© 2019 by Abbas Sbeity


Role: Curtor

Year: 2019

Location: Beirut, Lebanon

While the world is facing the challenge of rapid urbanization, cities, like Beirut, that are the main hubs for culture, economy, and innovation are turning into complex systems of social, ecological and economic challenges. With these changes emerging, we notice a rise of creative actors engaging in the process of urban change on both local and global levels, providing innovative solutions in a collaborative, participatory, and inclusive way. 

/Ideas for the City/ is the closing forum of a year-long Fellowship Program of Architects for Change. The forum aims to provide an opportunity for knowledge exchange and discussions on the processes and tools of Urban Change to encourage young people to take action in their cities. We will explore Urban Change beyond the formal practice of urban planning and development, by focusing on community-driven and human-centered interventions in the city.

Through an exhibition, presentations, panel discussions, and roundtables, the forum explores three main areas: 

  • Defining the challenges — how do we understand current challenges and turn them into opportunities for interventions?  

  • Defining the actors — who play a role in the urban change process? and how?

  • Defining the process — can we establish a framework for local urban change?


The forum invites architects, researchers, students, city officials, activists, and city-makers to engage in its interactive format and contribute to this exchange opportunity. ​


Architects for Change Fellowship Program is a year-long program designed for young architects and designers. Through experiential and collaborative learning experiences, the fellows develop personal and professional skills focusing on ethical leadershipproject management, social entrepreneurship, and human-centered design. 
The learning takes place through co-creation workshops, sessions with experts, one-on-one mentoring, peer-to-peer learning, and reflection.
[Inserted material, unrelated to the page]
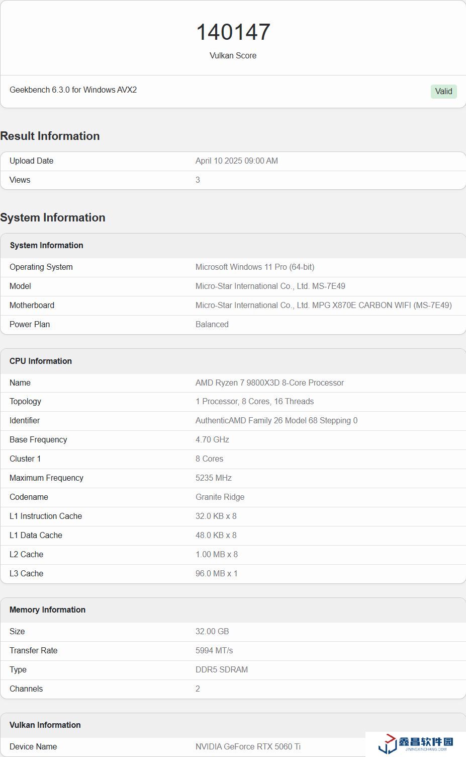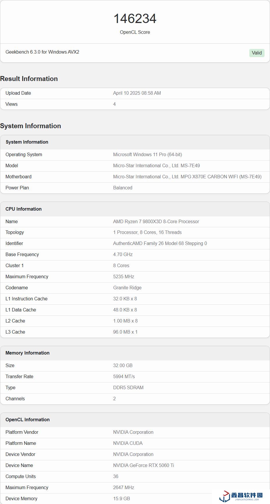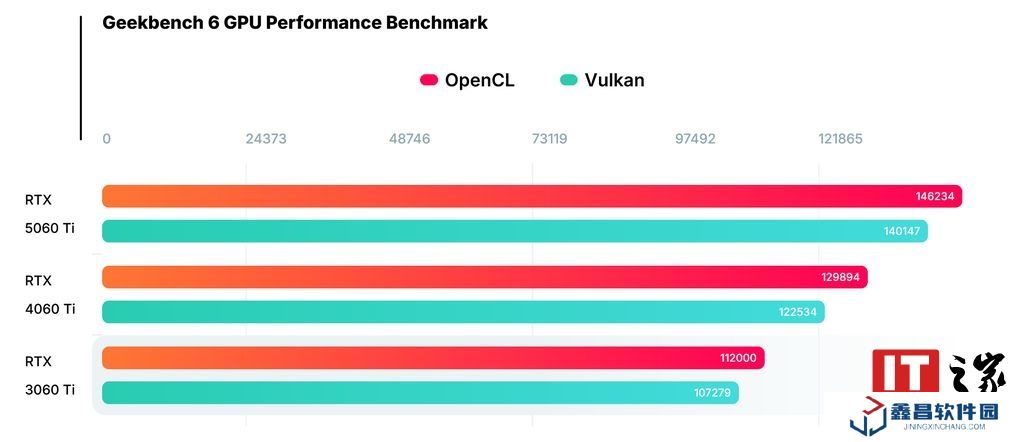 性能測試方面,RTX 5060 Ti 在 Vulkan 測試中得分 140147,在 OpenCL 測試中得分 146234,分別比 RTX 4060 Ti 高出 14% 和 13%。

The exhibition and the presentations will feature six shortlisted ideas developed by the fellows as part of the programfollowing a human-centered design process, each tackling a specific urban challenge. 
Fellows Presenting: 
Ghada Cheikh, Ramy Sabek, Nadine Eid, Cedric Akl, Karim Rifai, and Perla el Dehni 


Following four different themes that emerged from the ideas presented, the roundtables will offer an exploration opportunity for specific urban challenges, presented by a question, through an interactive format–based on the pro-action cafe method. The audience will engage, in four rounds of twenty minutes, with an expert moderator and one
or two fellows, to explore the challenge based on each round’s objective.

Roundtable 1 — How might we promote better civic education and engagement for young people? 
Roundtable 2 — How might we better design public spaces 
to be inclusive and accessible? 
Roundtable 3 — How might we design cities that promote the welfare of humans and animals? 
Roundtable 4 — How might we develop a framework 
for local community development and engagement in vulnerable communities? 

Round 1 — Understanding the challenge 
Round 2 - Framing the challenge 
Round 3 - Looking for opportunities for interventions 
Round 4 - Harvesting and action steps 

Each roundtable will have a fixed expert moderator, one or two fellows, and a rapporteur.
Each round will last for twenty minutes. Participants are encouraged to move to a different table at the end of each round. 


Panel Discussion 1
Co-Making the City — Local Stories of Urban Change

In the last few years, Beirut has witnessed a rise of a generation of architects, designers, and planners who are actively engaged in public and urban affairs through grassroots movements, neighborhood initiatives, international organizations, advocacy campaigns, or cultural initiatives. Themes such as access to public space, waste management, community engagement, and sustainable development emerged to re-establish a new format of local urban development. 
This panel offers a practical approach to the process of Urban Change by introducing different local examples, at different scales, to explore current practices and models of intervention in the city.

Panel Discussion 2

Who Owns the City? — The Process of Urban Change 

To encourage more participatory and community-led interventions in the city, a clear engagement methodology and framework is needed. If we want to put people at the center of the process, we need to understand the role of all actors - academic institutions, civil society organizations, researchers, and local authorities.
This panel explores a theoretical approach to Urban Change to understand its actors and its processes by engaging experts from academia, research, and civil society.